**PROVIDED MATERIAL**:
- Opening Delimiter -

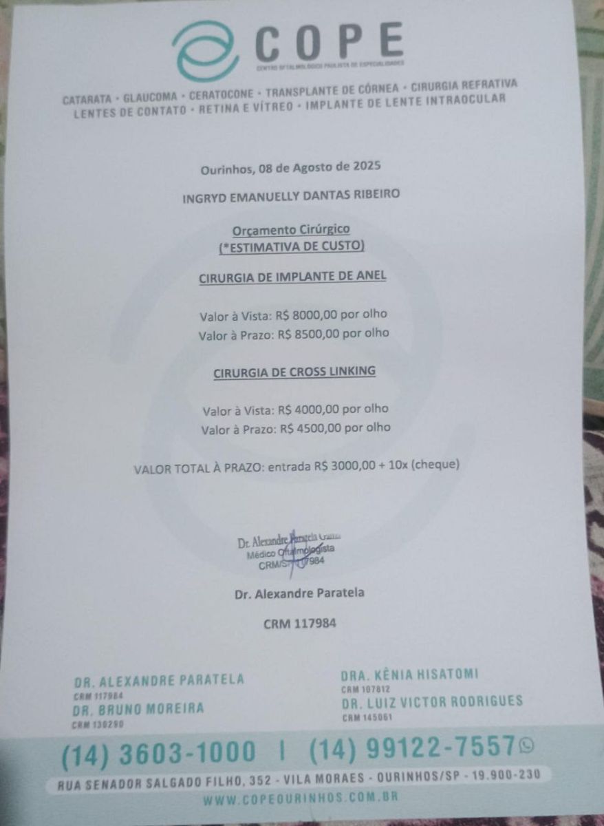 O orçamento cirúrgico apresentado pela família indica que cada implante de Anel de Ferrara custa R$ 8.000,00 à vista (R$ 8.500,00 a prazo) e o Crosslinking, R$ 4.000,00 à vista (R$ 4.500,00 a prazo). O valor total estimado para o tratamento, se pago à vista, é de R$ 25.000,00. No caso de parcelamento, a entrada é de R$ 3.000,00 mais dez cheques.
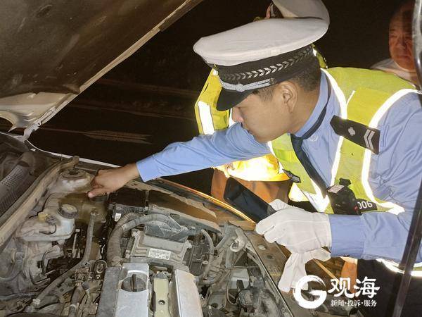 當(dāng)晚,民警巡邏到沈海高速下行線636km+900米處,一輛轎車打著雙閃停在應(yīng)急車道上,民警下車前去查看,是車輛“開鍋”了。王清軍和李旭日、宋超拿出了早已準(zhǔn)備好的那桶水對水箱進(jìn)行降溫。水溫降下后,民警對車輛進(jìn)一步檢查,發(fā)現(xiàn)符合安全行車條件后,才放心地讓司機(jī)繼續(xù)上路行駛。
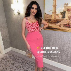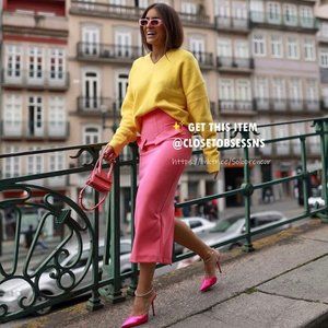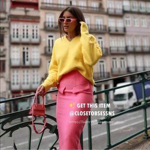 Pink high waist midi skirt with front flaps. Zip closure. From ZARA, in size M and L. New with tags. Sold out in stores.

- Closing Delimiter -

**WHAT IS REQUIRED**: Transcribe the listing above exactly, leaving every picture out.

**ANSWER FOR THIS EXERCISE**:
 O orçamento cirúrgico apresentado pela família indica que cada implante de Anel de Ferrara custa R$ 8.000,00 à vista (R$ 8.500,00 a prazo) e o Crosslinking, R$ 4.000,00 à vista (R$ 4.500,00 a prazo). O valor total estimado para o tratamento, se pago à vista, é de R$ 25.000,00. No caso de parcelamento, a entrada é de R$ 3.000,00 mais dez cheques.
 當(dāng)晚,民警巡邏到沈海高速下行線636km+900米處,一輛轎車打著雙閃停在應(yīng)急車道上,民警下車前去查看,是車輛“開鍋”了。王清軍和李旭日、宋超拿出了早已準(zhǔn)備好的那桶水對水箱進(jìn)行降溫。水溫降下后,民警對車輛進(jìn)一步檢查,發(fā)現(xiàn)符合安全行車條件后,才放心地讓司機(jī)繼續(xù)上路行駛。
 Pink high waist midi skirt with front flaps. Zip closure. From ZARA, in size M and L. New with tags. Sold out in stores.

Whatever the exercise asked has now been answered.